=== Data for analysis ===

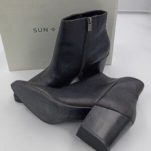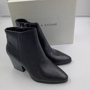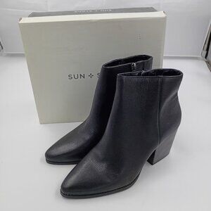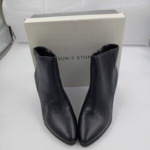 Sun + Stone Eryn Block-Heel Booties, Black Leather, Women's Size 9.5
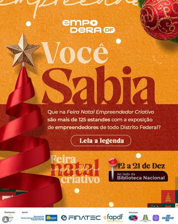Feira de Natal do Empreendedor Criativo reúne 134 estandes ao lado da Biblioteca Nacional, com marcas autorais, artesanato, gastronomia e entrada gratuita em Brasília
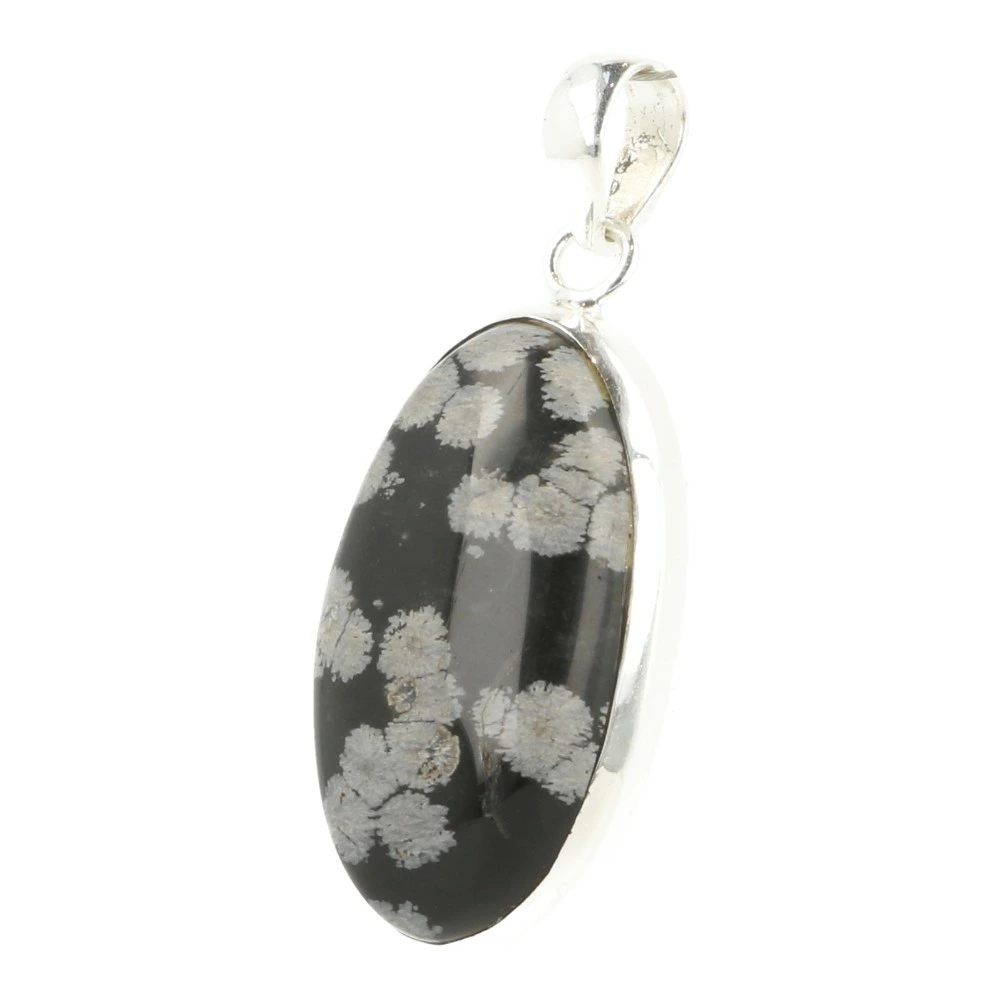 Sneeuwvlok obsidiaan hanger in zilver ‘nr6’. De sneeuwvlok obsidiaan is gezet in juwelierskwaliteit 925 sterling zilver. De afmeting van de sneeuwvlokobsidiaan steen in de hanger is ongeveer 20mm breed en 33mm hoog. Je ontvangt de sneeuwvlok obsidiaan hanger in zilver van de foto.
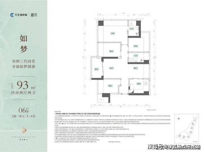 1️⃣约93㎡4房2厅2卫:
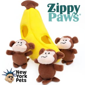 O Zippy Burrow™ - Pelúcia Macaco e Banana proporcionarão horas de diversão deliciosa para o seu cachorro.
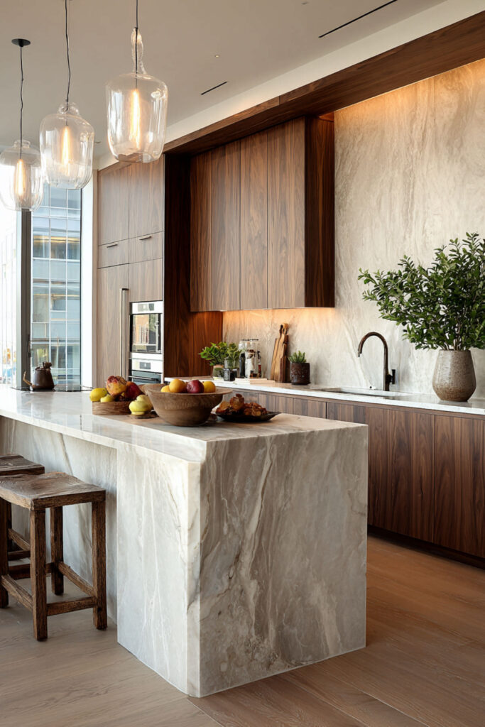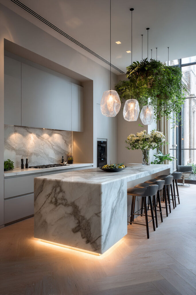 The cool surface provides literal and figurative calm, always maintaining its composed temperature. Luxury kitchens 2025 trends lean toward these statement stones that speak for themselves without supporting decoration. The investment in exceptional marble pays dividends in daily pleasure and lasting value. This approach lets nature provide the only pattern needed in your calm luxury space.
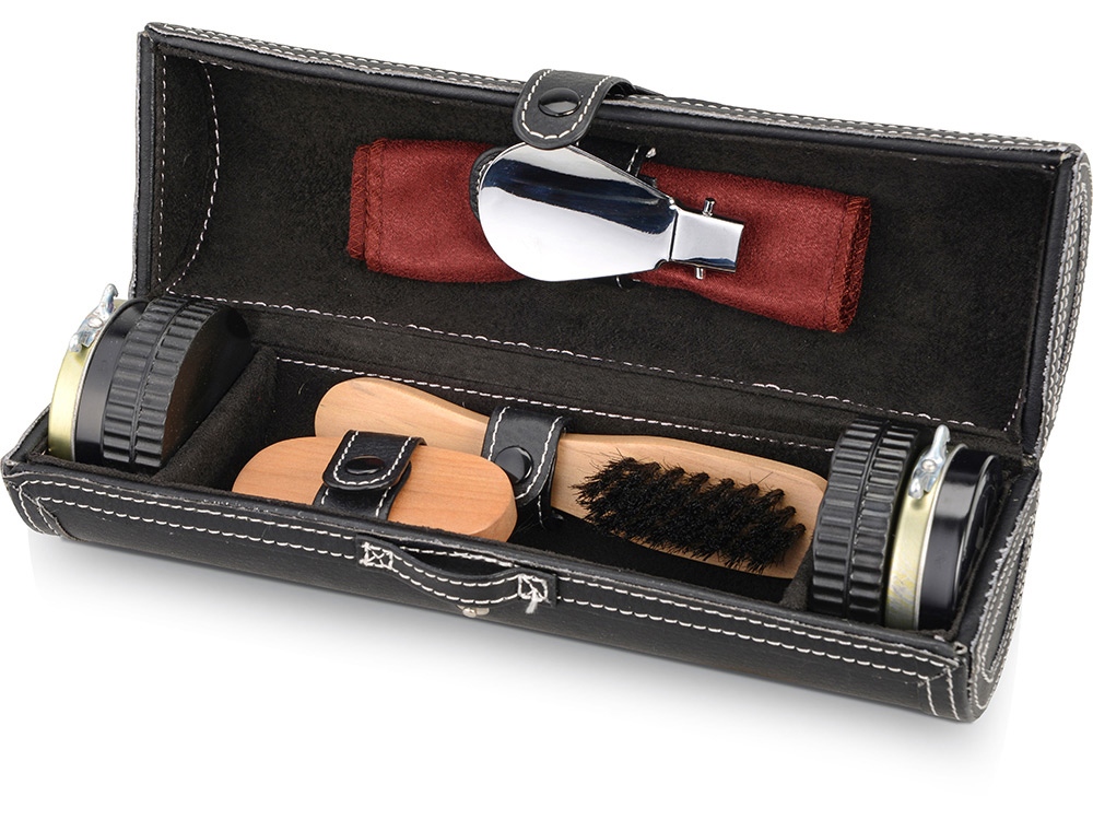 Подарочный набор для чистки обуви включает в себя 8 предметов, которые предназначены для поддержания чистоты вашей обуви. В комплект входят чистящие средства, так что не придется покупать их отдельно. Набор упакован в солидный футляр "под кожу", который удобно брать в дорогу, в командировку. Набор представлен также и в других цветах.

===

**Description of the task:** Start with the first line of the records above and end with the line containing "O Zippy Burrow™". Output those lines exactly, pictures excluded.

**Your response:**
 Sun + Stone Eryn Block-Heel Booties, Black Leather, Women's Size 9.5
Feira de Natal do Empreendedor Criativo reúne 134 estandes ao lado da Biblioteca Nacional, com marcas autorais, artesanato, gastronomia e entrada gratuita em Brasília
 Sneeuwvlok obsidiaan hanger in zilver ‘nr6’. De sneeuwvlok obsidiaan is gezet in juwelierskwaliteit 925 sterling zilver. De afmeting van de sneeuwvlokobsidiaan steen in de hanger is ongeveer 20mm breed en 33mm hoog. Je ontvangt de sneeuwvlok obsidiaan hanger in zilver van de foto.
 1️⃣约93㎡4房2厅2卫:
 O Zippy Burrow™ - Pelúcia Macaco e Banana proporcionarão horas de diversão deliciosa para o seu cachorro.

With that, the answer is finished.